ANOVA
The Analysis of Variance (ANOVA) is used to explore the relationship between a continuous dependent variable, and one or more categorical explanatory variables.
ANOVA assumes that the residuals are normally distributed, and that the variances of all groups are equal. If one is unwilling to assume that the variances are equal, then a Welch’s test can be used instead (However, the Welch’s test does not support more than one explanatory factor).
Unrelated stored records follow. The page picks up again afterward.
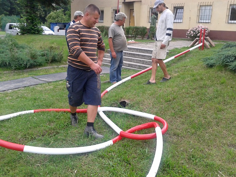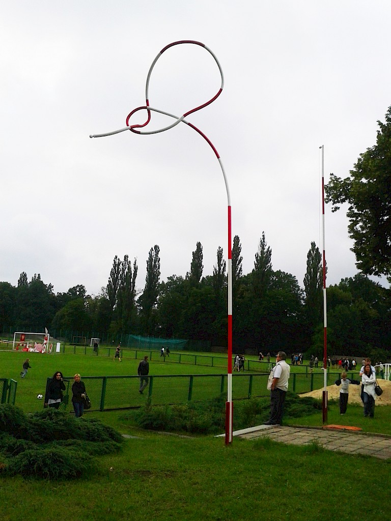 Further on, Kamila Szejnoch has developed the symbolic concept of the “Flagpole” in its relation to contemporary events. In 2012 she created the “Euro Flagpole”, a similar installation in the context of the Euro Cup 2012 in Poland and Ukraine, addressing cultural and geopolitical issues often hidden within big commercial sport events. One “Flagpole” was temporarily installed in Oławka Stadium in Wrocław (Poland). The second one became a part of the Main Project within an international festival for public art, Kyiv Sculpture Project 2012 (Ukraine). In both cases Kamila’s work hinted at the idea that mass events become platforms for ideological promotion, covering up the idea of political processes behind them.
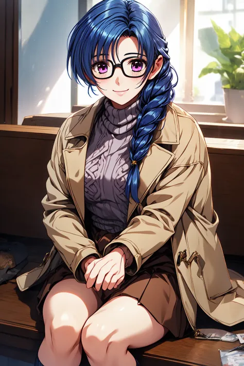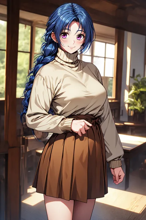 doukoku_kosuzu, purple eyes, blue hair, long hair, single braid, maid headdress, maid, maid apron, puffy sleeves, long sleeves, long skirt,
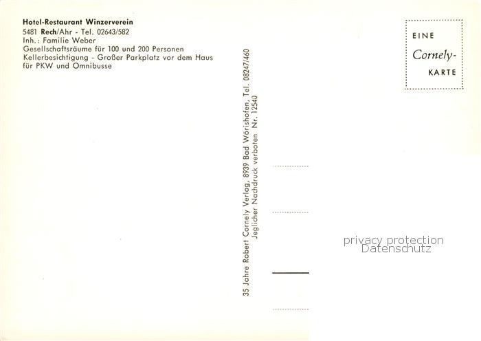 73846111 Rech Ahr Hotel Restaurant Winzerverein postalisch nicht gelaufen Erhaltung siehe scans [WerneD78] KatCode: 11110007131068
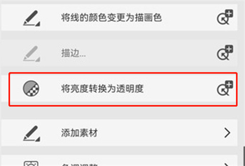 1、点击菜单图标后选择“编辑”选项,接着点击“将亮度转换为透明度”这一功能。

Alternatively, if one is unwilling to assume that the data is normally distributed, a non-parametric approach (such as Kruskal-Wallis) can be used.
Example usage
data('ToothGrowth')
ANOVA(formula = len ~ dose * supp, data = ToothGrowth)
#
# ANOVA
#
# ANOVA
# ───────────────────────────────────────────────────────────────────────
# Sum of Squares df Mean Square F p
# ───────────────────────────────────────────────────────────────────────
# dose 2426 2 1213.2 92.00 < .001
# supp 205 1 205.4 15.57 < .001
# dose:supp 108 2 54.2 4.11 0.022
# Residuals 712 54 13.2
# ───────────────────────────────────────────────────────────────────────
#
ANOVA(
formula = len ~ dose * supp,
data = ToothGrowth,
emMeans = ~ supp + dose:supp, # est. marginal means for supp and dose:supp
emmPlots = TRUE, # produce plots of those marginal means
emmTables = TRUE) # produce tables of those marginal means
Arguments
| data | the data as a data frame |
| dep | the dependent variable from data, variable must be numeric (not necessary when providing a formula, see examples) |
| factors | the explanatory factors in data (not necessary when providing a formula, see examples) |
| effectSize | one or more of 'eta', 'partEta', or 'omega'; use η², partial η², and ω² effect sizes, respectively |
| modelTest | TRUE or FALSE (default); perform an overall model test |
| modelTerms | a formula describing the terms to go into the model (not necessary when providing a formula, see examples) |
| ss | '1', '2' or '3' (default), the sum of squares to use |
| homo | TRUE or FALSE (default), perform homogeneity tests |
| norm | TRUE or FALSE (default), perform Shapiro-Wilk tests of normality |
| TRUE or FALSE (default), provide a Q-Q plot of residuals | |
| contrasts | a list of lists specifying the factor and type of contrast to use, one of 'deviation', 'simple', 'difference', 'helmert', 'repeated' or 'polynomial' |
| postHoc | a formula containing the terms to perform post-hoc tests on (see the examples) |
| postHocCorr | one or more of 'none', 'tukey', 'scheffe', 'bonf', or 'holm'; provide no, Tukey, Scheffe, Bonferroni, and Holm Post Hoc corrections respectively |
| postHocES | a possible value of 'd'; provide cohen's d measure of effect size for the post-hoc tests |
| postHocEsCi | TRUE or FALSE (default), provide confidence intervals for the post-hoc effect sizes |
| postHocEsCiWidth | a number between 50 and 99.9 (default: 95), the width of confidence intervals for the post-hoc effect sizes |
| emMeans | a formula containing the terms to estimate marginal means for (see the examples) |
| emmPlots | TRUE (default) or FALSE, provide estimated marginal means plots |
| emmPlotData | TRUE or FALSE (default), plot the data on top of the marginal means |
| emmPlotError | 'none', 'ci' (default), or 'se'. Use no error bars, use confidence intervals, or use standard errors on the marginal mean plots, respectively |
| emmTables | TRUE or FALSE (default), provide estimated marginal means tables |
| emmWeights | TRUE (default) or FALSE, weigh each cell equally or weigh them according to the cell frequency |
| ciWidthEmm | a number between 50 and 99.9 (default: 95) specifying the confidence interval width for the estimated marginal means |
Returns
A results object containing:
| results$main | a table |
| results$model | |
| results$assump$homo | a table |
| results$assump$norm | a table |
| results$assump$qq | |
| results$contrasts | an array of tables |
| results$postHoc | an array of tables |
| results$emm | an array of groups |
Tables can be converted to data frames with asDF or as.data.frame(). For example:
results$main$asDF
as.data.frame(results$main)
Elements in arrays can be accessed with [[n]]. For example:
results$contrasts[[1]] # accesses the first element